**EXTRACTED ENTRIES**
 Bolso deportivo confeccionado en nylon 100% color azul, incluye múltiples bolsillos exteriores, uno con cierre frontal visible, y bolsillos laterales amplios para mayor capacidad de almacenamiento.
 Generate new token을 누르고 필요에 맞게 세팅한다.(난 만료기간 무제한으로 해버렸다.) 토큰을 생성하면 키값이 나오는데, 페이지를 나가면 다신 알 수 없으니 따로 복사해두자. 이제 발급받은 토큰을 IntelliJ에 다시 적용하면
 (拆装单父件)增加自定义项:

--

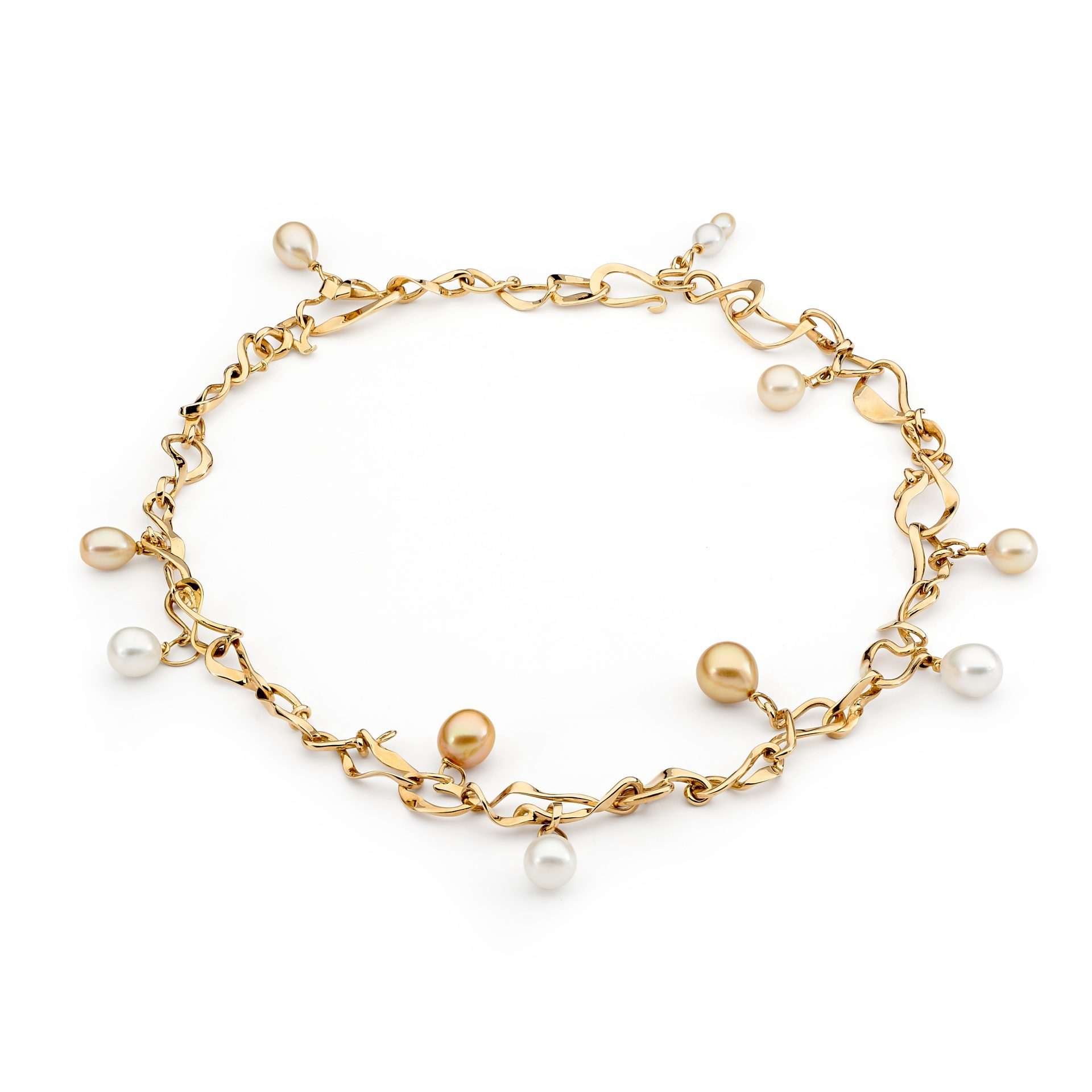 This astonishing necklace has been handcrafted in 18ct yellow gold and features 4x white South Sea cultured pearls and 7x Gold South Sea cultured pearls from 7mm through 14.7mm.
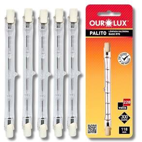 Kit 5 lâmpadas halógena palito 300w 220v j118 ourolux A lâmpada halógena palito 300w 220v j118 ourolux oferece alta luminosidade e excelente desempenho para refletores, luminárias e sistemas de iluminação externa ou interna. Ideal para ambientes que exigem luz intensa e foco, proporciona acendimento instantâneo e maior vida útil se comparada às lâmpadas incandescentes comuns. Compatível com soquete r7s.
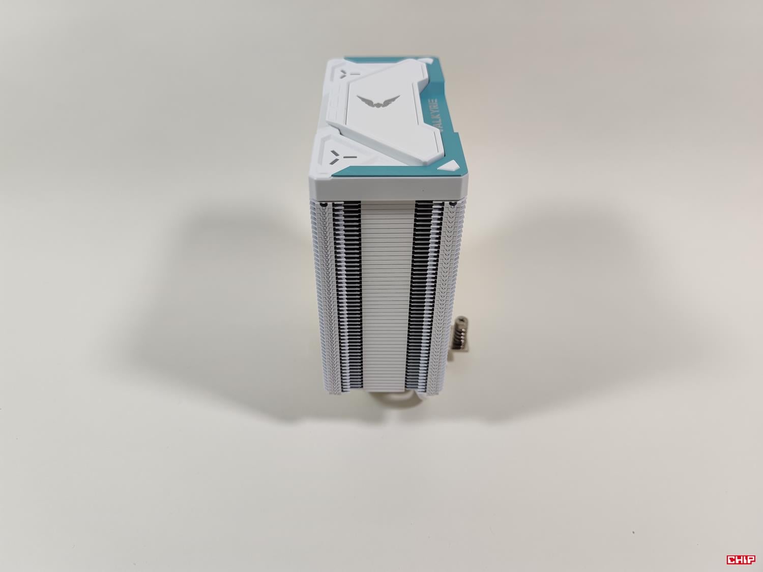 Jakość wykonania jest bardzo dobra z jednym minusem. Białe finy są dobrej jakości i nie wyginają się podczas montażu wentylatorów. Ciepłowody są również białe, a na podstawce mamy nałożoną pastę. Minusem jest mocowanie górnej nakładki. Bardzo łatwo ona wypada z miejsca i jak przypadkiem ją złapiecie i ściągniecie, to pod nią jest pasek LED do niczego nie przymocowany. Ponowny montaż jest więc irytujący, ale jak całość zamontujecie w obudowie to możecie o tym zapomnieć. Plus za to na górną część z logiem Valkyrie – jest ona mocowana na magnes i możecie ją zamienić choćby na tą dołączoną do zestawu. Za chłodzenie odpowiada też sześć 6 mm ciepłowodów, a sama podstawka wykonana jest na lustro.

**TASK GOAL**
Lines from the one above containing "Kit 5 lâmpadas" down to the one containing "Jakość wykonania jest" should be transcribed exactly, with both ends kept and no pictures.

**RESPONSE TO THIS TASK**
 Kit 5 lâmpadas halógena palito 300w 220v j118 ourolux A lâmpada halógena palito 300w 220v j118 ourolux oferece alta luminosidade e excelente desempenho para refletores, luminárias e sistemas de iluminação externa ou interna. Ideal para ambientes que exigem luz intensa e foco, proporciona acendimento instantâneo e maior vida útil se comparada às lâmpadas incandescentes comuns. Compatível com soquete r7s.
 Jakość wykonania jest bardzo dobra z jednym minusem. Białe finy są dobrej jakości i nie wyginają się podczas montażu wentylatorów. Ciepłowody są również białe, a na podstawce mamy nałożoną pastę. Minusem jest mocowanie górnej nakładki. Bardzo łatwo ona wypada z miejsca i jak przypadkiem ją złapiecie i ściągniecie, to pod nią jest pasek LED do niczego nie przymocowany. Ponowny montaż jest więc irytujący, ale jak całość zamontujecie w obudowie to możecie o tym zapomnieć. Plus za to na górną część z logiem Valkyrie – jest ona mocowana na magnes i możecie ją zamienić choćby na tą dołączoną do zestawu. Za chłodzenie odpowiada też sześć 6 mm ciepłowodów, a sama podstawka wykonana jest na lustro.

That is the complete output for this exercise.